### [To do]
After locating the line with "జిల్లా  కలెక్టర్ గారు,  కర్నూలు" below, output it and each following line exactly, stopping after the line with "antény RF a LNB |". No pictures.

### [Records for this task]
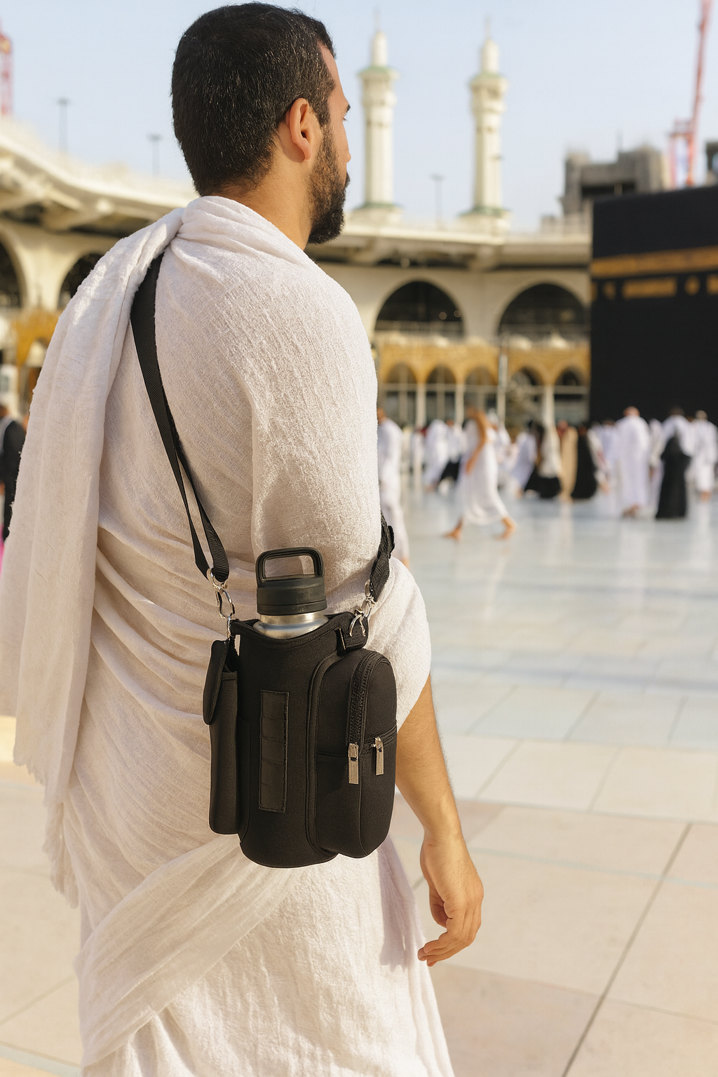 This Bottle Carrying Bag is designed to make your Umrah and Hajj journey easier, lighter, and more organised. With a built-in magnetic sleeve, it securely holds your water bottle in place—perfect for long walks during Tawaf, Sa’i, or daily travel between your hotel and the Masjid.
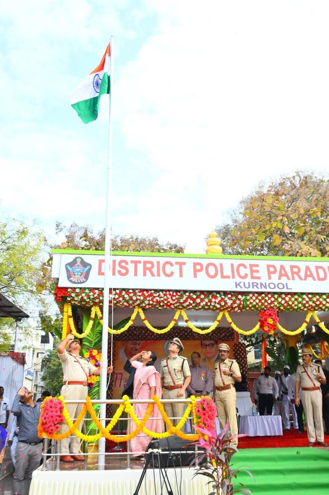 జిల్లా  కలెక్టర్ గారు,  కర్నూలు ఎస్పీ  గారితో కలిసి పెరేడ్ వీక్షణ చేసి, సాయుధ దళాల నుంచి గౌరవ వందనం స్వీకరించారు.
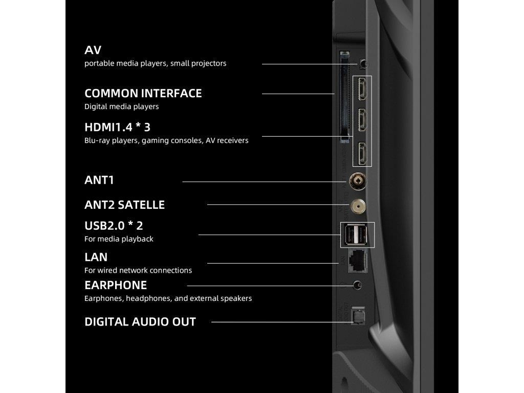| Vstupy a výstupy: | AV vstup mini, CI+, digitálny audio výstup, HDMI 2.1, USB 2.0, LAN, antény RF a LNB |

---

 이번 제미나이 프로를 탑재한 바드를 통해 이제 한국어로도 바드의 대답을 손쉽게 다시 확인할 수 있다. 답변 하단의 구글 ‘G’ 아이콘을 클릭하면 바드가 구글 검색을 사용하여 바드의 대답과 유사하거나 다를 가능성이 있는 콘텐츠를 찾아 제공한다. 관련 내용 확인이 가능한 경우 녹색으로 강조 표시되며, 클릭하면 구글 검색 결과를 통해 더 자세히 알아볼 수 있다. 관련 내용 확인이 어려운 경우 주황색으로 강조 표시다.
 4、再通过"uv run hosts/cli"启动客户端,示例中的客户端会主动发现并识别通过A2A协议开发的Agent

### [Response area]
 జిల్లా  కలెక్టర్ గారు,  కర్నూలు ఎస్పీ  గారితో కలిసి పెరేడ్ వీక్షణ చేసి, సాయుధ దళాల నుంచి గౌరవ వందనం స్వీకరించారు.
| Vstupy a výstupy: | AV vstup mini, CI+, digitálny audio výstup, HDMI 2.1, USB 2.0, LAN, antény RF a LNB |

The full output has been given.